12. ‘Double A’ headpiece (The Arte of English Poesie, 1589)
13. ‘Double A’ headpiece (Baptista Porta’s De Furtivis Literarum, 1563)
14. The Milanese Foundation Sacrifice (1564)
15. ‘Double A’ Cornerstone and Solomon’s Temple (1577)
16. The Milanese Foundation Sacrifice and ‘Single A’ (1577, 1584)
17. The Milanese Foundation Sacrifice and ‘Double A’ (1589)
Introduction to the ‘Wisdom of Shakespeare’ Series
This series on the Wisdom of Shakespeare is designed to investigate and make known the extraordinary wisdom, knowledge and philosophy contained in the Shakespeare plays.
Besides the plays themselves, a clue to the greatness of Shakespeare in this respect is given by Ben Jonson in his tribute to the Author prefacing the Shakespeare 1st Folio of 1623, as also by the inscription on the contemporaneous Shakespeare Monument.

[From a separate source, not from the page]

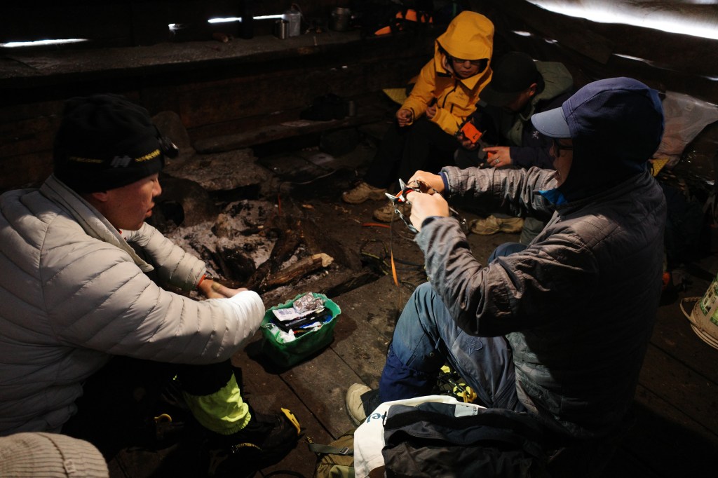 下午整理行前装备的时候遇到了另外一对小伙伴,涛哥和他的女朋友,不过这两人完全没有CP相。他们带的各种吃的我感觉吃一个月也没问题… 破山给了我们一个坏消息,根据天气预报,未来几天的降雪量将达到xxx, 反正就是非常非常大的雪,毕竟老司机如他,看到这个数字都一脸的不敢置信。我们也只能接受,同时心里依然祈祷天气会转好。
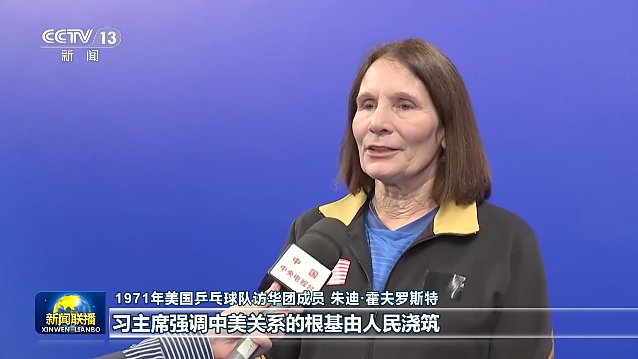 1971年美國乒乓球隊(duì)訪華團(tuán)成員 朱迪·霍夫羅斯特:習(xí)主席強(qiáng)調(diào)中美關(guān)系的根基由人民澆筑,這一點(diǎn)我深有感觸。在當(dāng)下,相互理解與對話比任何時候都更加重要,我也希望我們能將“乒乓外交”精神繼續(xù)傳承,在兩國人民間傳遞溫情,增進(jìn)理解。

On the Shakespeare Monument, erected c. 1620-23 in Holy Trinity Church at Stratford-upon-Avon, Warwickshire, to honour the memory of Shakespeare, the great Bard is referred to (in Latin) as ‘A Pylus in judgment, a Socrates in genius, a Maro in art’.
Pylus was the appellation of Nestor, King of Pylus, one of the Argonauts who went in search of the Golden Fleece and who was the most perfect of Homer’s heroes in the Trojan War. As a statesman, ruler and judge, Pylus was renowned for his eloquence, address, wisdom, justice and prudence of mind.
Socrates was the most celebrated philosopher of Greece and a renowned orator. The Delphic Oracle proclaimed him as the wisest of mankind. He was the principal instigator of the great philosophies that have constituted the major traditions of Western civilisation, and was the advocate of clarity and the inductive procedure, for which he was particularly famed. His great aim was the happiness and good of his countrymen, and the reformation of their corrupted morals. By introducing moral philosophy, he induced people to consider themselves, their passions, their opinions, their duties, faculties and actions. He used drama to aid him in this, and the tragedies attributed to his pupil Euripides are said to have been at least partly composed by him, although he remained hidden as a playwright behind the mask of his pupil.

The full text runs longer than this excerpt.